Aksonun sinaps boşluğunda sonlanan ucuna sinaptik yumru denir. Bu bölgelerde nörotransmitter maddeleri taşıyan ve sinaptik kesecik olarak tanımlanan çok sayıda küçük kesecikler bulunur. Nörotransmitter maddeler asetilkolin, noradrenalin, dopamin, serotonin, histamin gibi kimyasal maddelerdir.

Synapse and Neuron. Cells sending electrical chemical signals stock photography

impuls sinaptik yumruya ulaştığında buradaki sinaptik keseciklerden salgılanan nörotransmitter maddeler sinaps boşluğuna dökülür. Nörotransmitter maddeler, hücrenin dendrit zarında bulunan reseptörlere bağlanarak impuls oluşumunu başlatır. Sinir hücresinin dendritinde kimyasal uyarıyla başlayan impuls, akson boyunca elektriksel ve kimyasal değişimlerle ilerleyerek ya komşu sinir hücresine ya da hedef organa ait hücreye ulaşır. İmpuls hedef organa ulaşmış ise tepki oluşur.

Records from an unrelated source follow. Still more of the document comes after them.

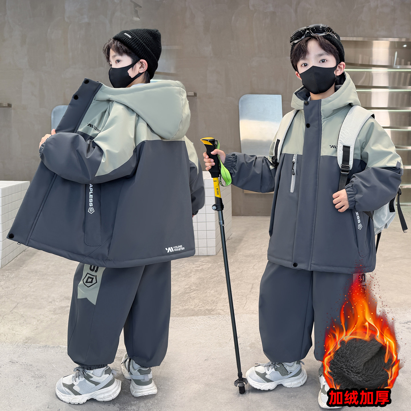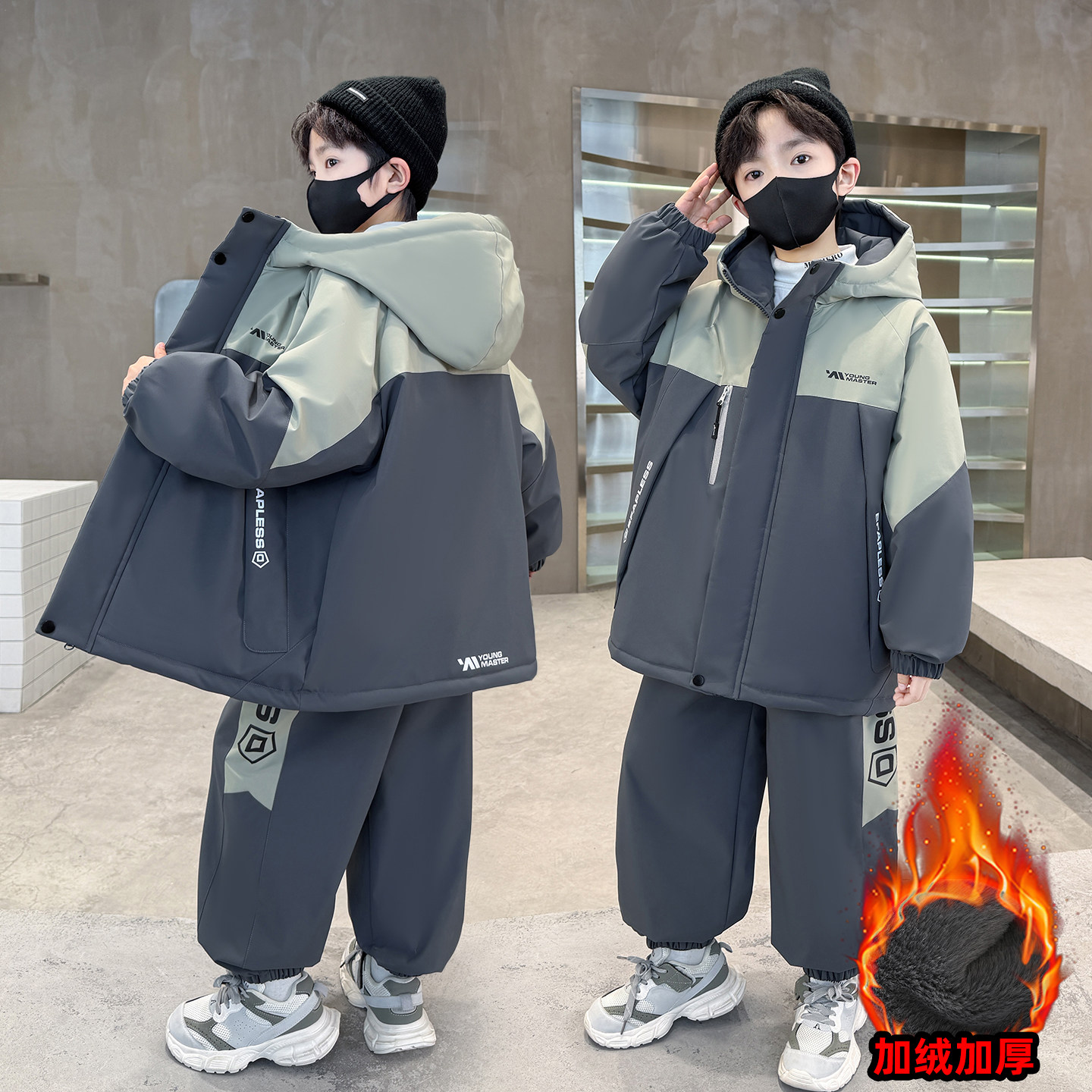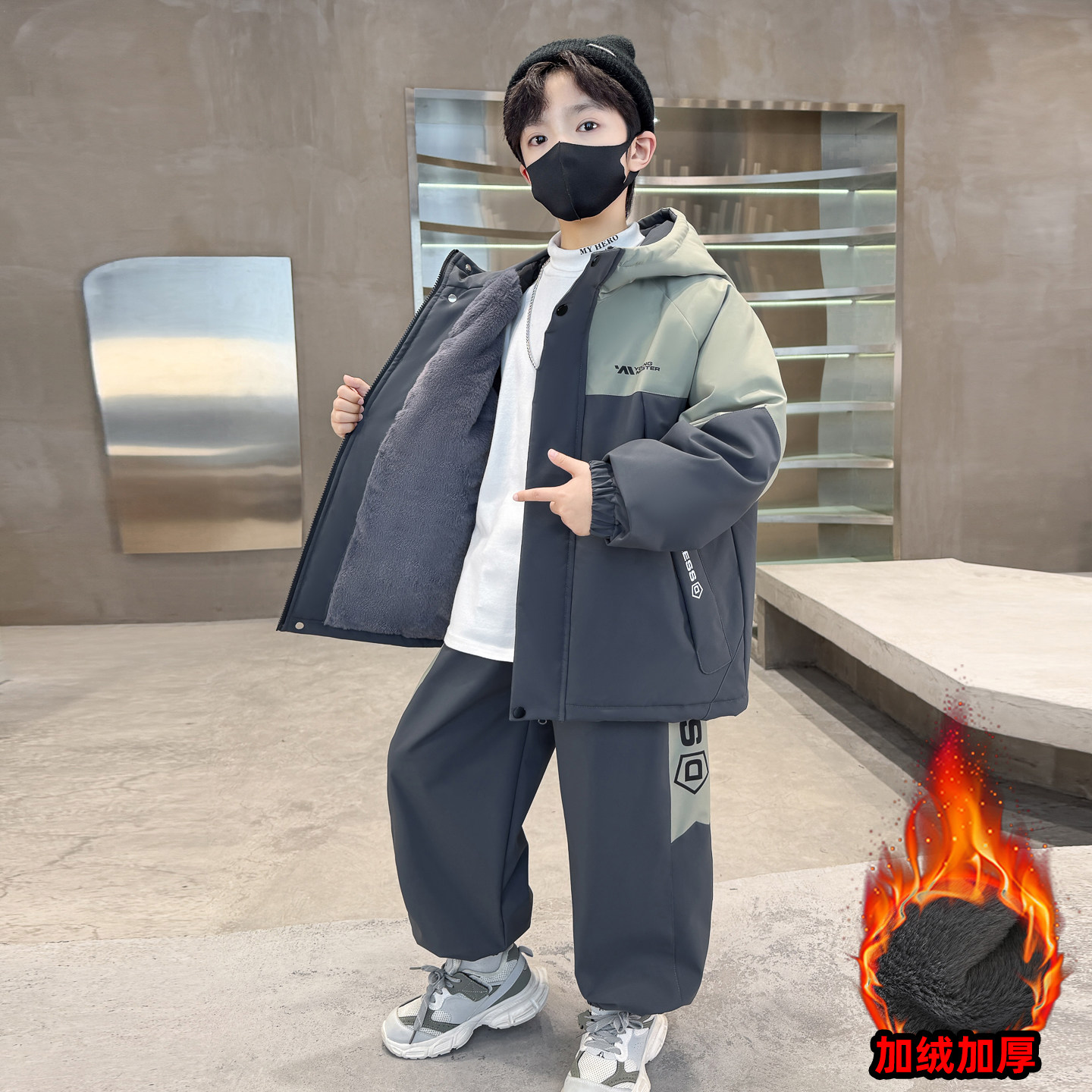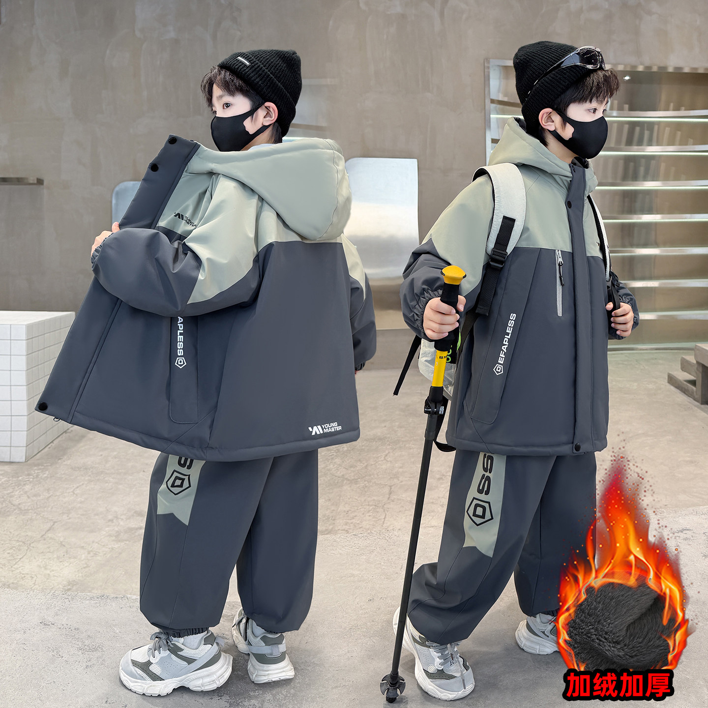 男童加绒套装秋冬装运动服2026新款中大童帅气男孩冬季加厚两件套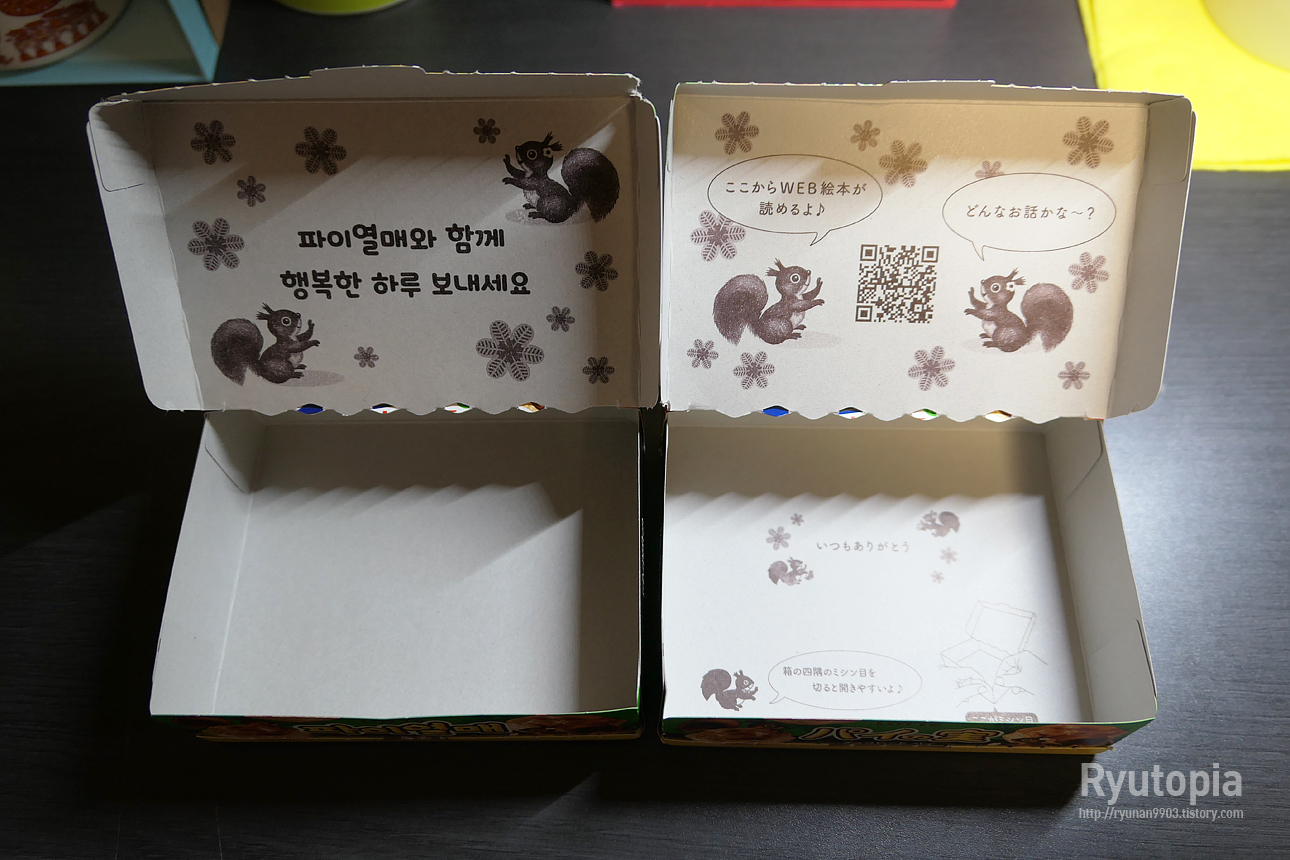 대한민국 포장은 QR코드가 없는 대신 '파이열매와 함께 행복한 하루 보내세요' 라는 문구가 인쇄되어 있습니다.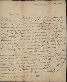 William A. Thompson writes to James Hamilton and informs him that he must proceed to Philadelphia "to take charge of [St. Leger D'Happart's] farm" and will be unable to visit as a result. Thompson also asks for legal advice on pursuing several claims and notes that a letter with "papers of consequence" for Hamilton from a G. Patterson is enclosed.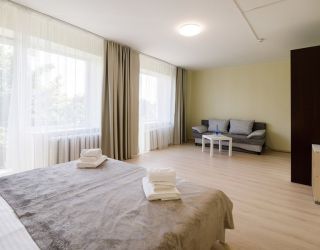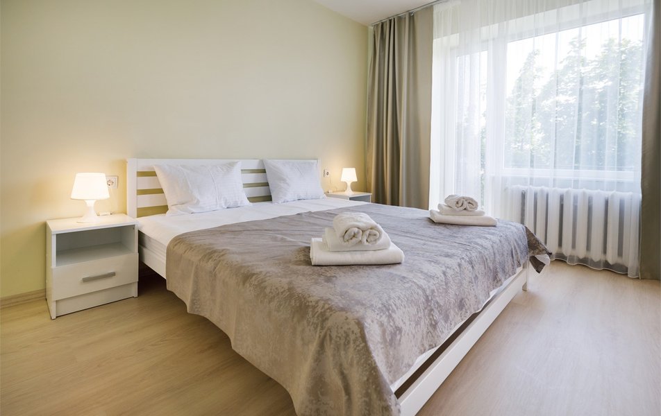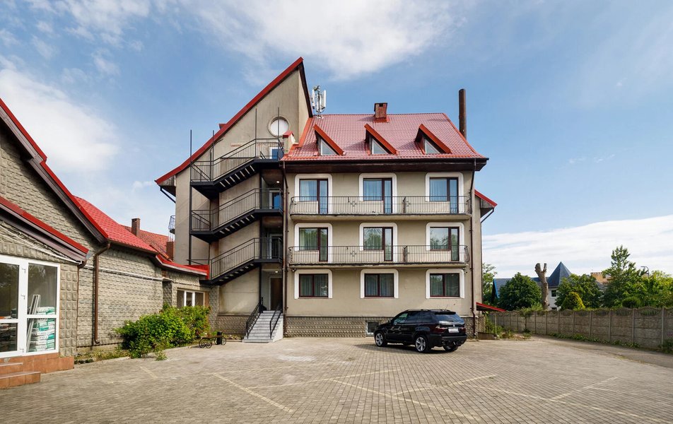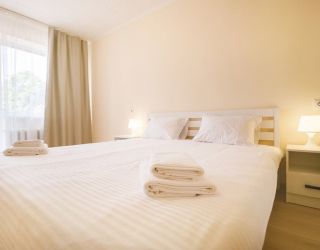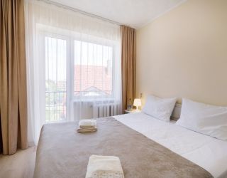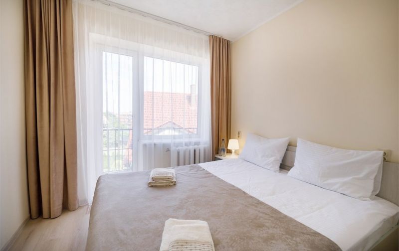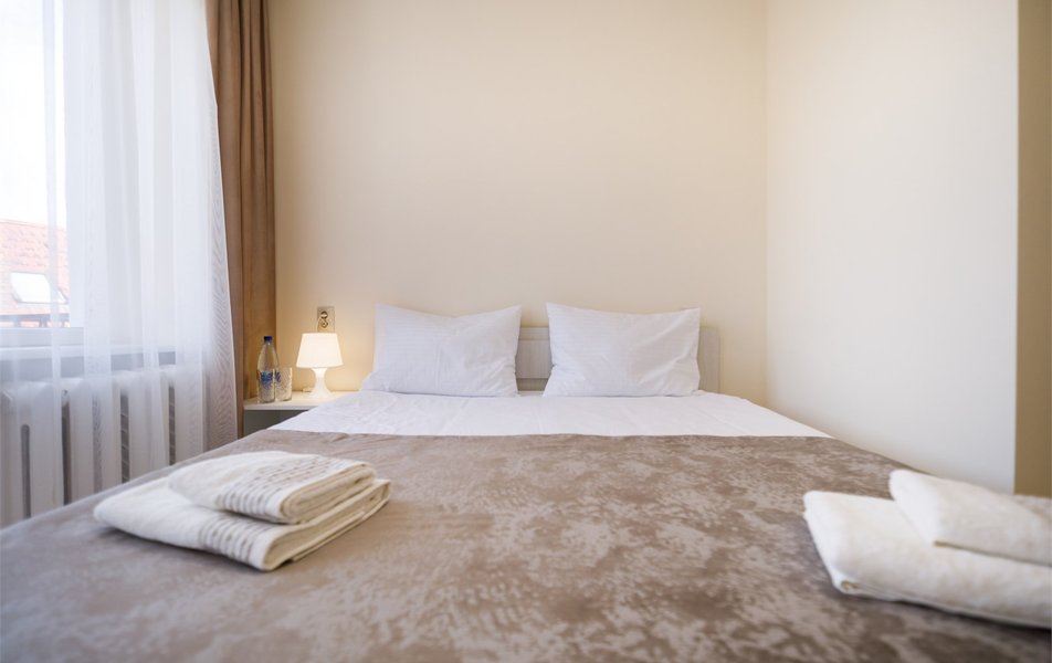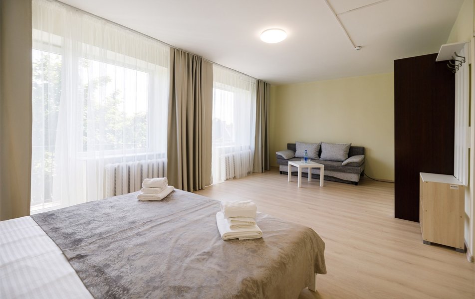 На первом этаже отеля организована удобная зона ожидания и работает кафе. Среди удобств – охраняемая закрытая парковка на заднем дворе. А всего в нескольких минутах ходьбы – Балтийское море и широкий песчаный пляж.
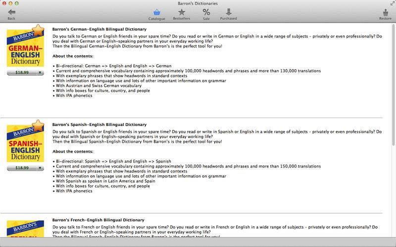 Now you can make sure that a dictionary complies with your language level and contains all words you need before purchase. Full-fledged versions are available for buying with the in-app dictionary catalog.
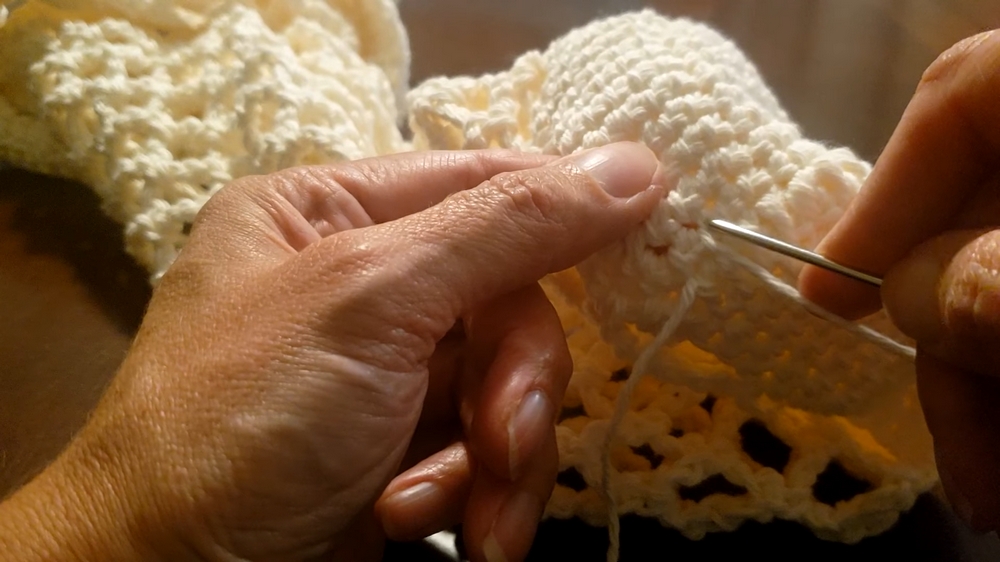 - First Rim Round: Chain 3, single crochet four times in each chain 5 loop from the previous mesh round. Skip all single crochets in lower rows.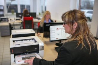In der Gehring Group arbeiten Gehörlose bei der Digitalisierung von Akten im eigenen Scan-Center Hand in Hand mit Kolleginnen und Kollegen ohne gesundheitliche Einschränkungen. Sie erledigen dabei alle Arbeiten, die auch die Hörenden leisten – von der Arbeitsvorbereitung mit Entklammern, Entheften, Glätten und Aufbereiten des Belegguts über das Scannen selbst bis hin zur Datenerfassung und Qualitätskontrolle.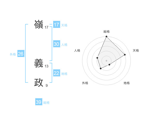 嶺 義政さんの天格は17画の4点!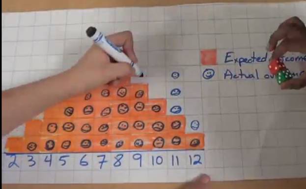 “The number 7 is the most frequently rolled because it has the most possibilities with rolling dice. We have learned probabilities . . . leading to the explanation of odds . . . she is now booking a trip to Vegas. :-)”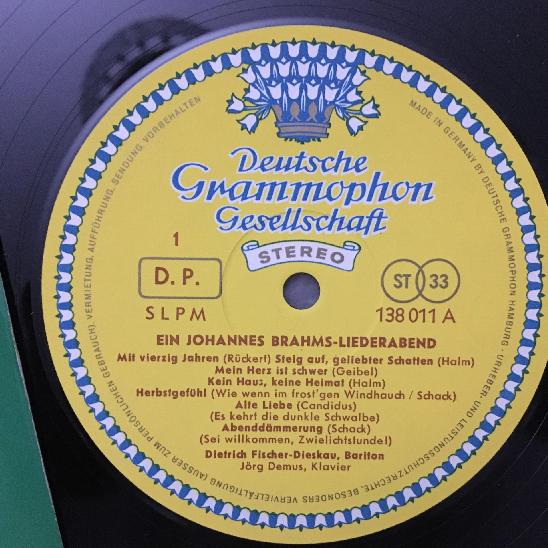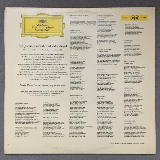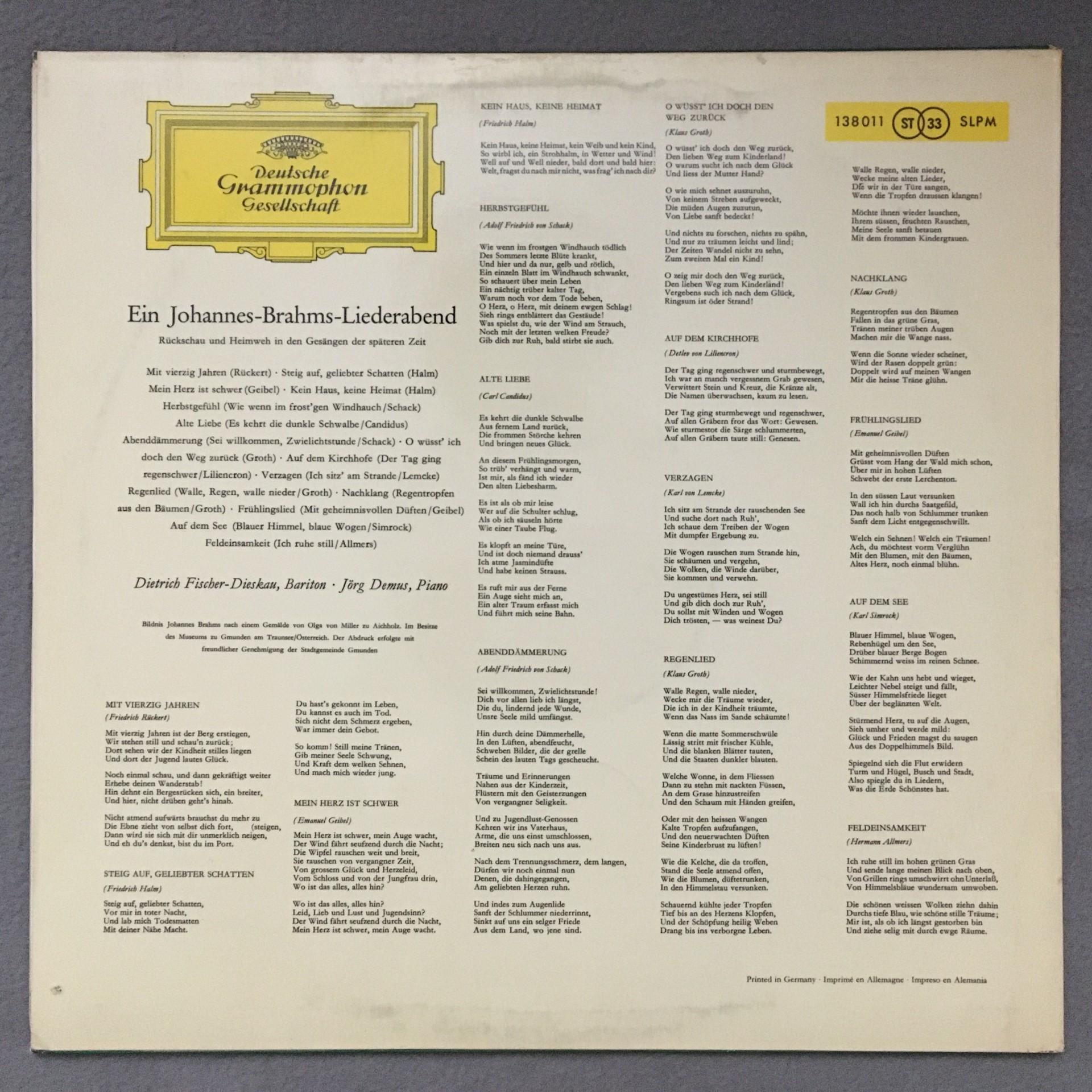 O242 Brahms Liederabend Fischer-Dieskau Demus DGG SLPM 138 011 Stereo Tulip

impulsun sinapstan geçişi kimyasal yolla olduğundan aksondan geçişinden daha yavaştır. Sinapslar impulsların ilk değerlendirme ve kontrol yerleridir. Sinapsa ulaşan her impuls diğer sinir hücresine geçemez. Değişik sinapslarda değişik boyutlarda direnç görülür. Buna sinaptik direnç denir. Bu olay, sinir sistemi içinde impulsun hangi yönde taşınacağını belirler. Böylece organizma gereksiz şekilde uyarilmamış olur. Örneğin, parmağımıza iğne battığında sadece kolumuzu hareket ettiren kaslar uyarılır ve elimizi çekeriz. Tüm vücut bu olaya tepki vermez. Sinaptik direncin gücü, sinir impulslarıyla ayarlanır.

Bir impuls, diğer impulsun etkisini yok ediyorsa engelleme, gücünü artırıyorsa kolaylaştırma olarak adlandırılır. Bu iki işlem vücudun çalışmasını ayarlayan önemli bir özelliktir. Örneğin, bir kasın kasilması kolaylaştırma ile gerçekleşirken gevşemesi impulsun yok edilmesiyle yani engelleme ile olur. Engelleme ve kolaylaştırma sadece sinapslarda görülür. Bunlar aynı zamanda insanın zekâ, bellek ve öğrenme mekanizmalarının temelini oluşturur. Sinapslardaki nörotransmitter maddeler işlevleri bittiğinde enzimlerle parçalanarak etkisiz hâle getirilir.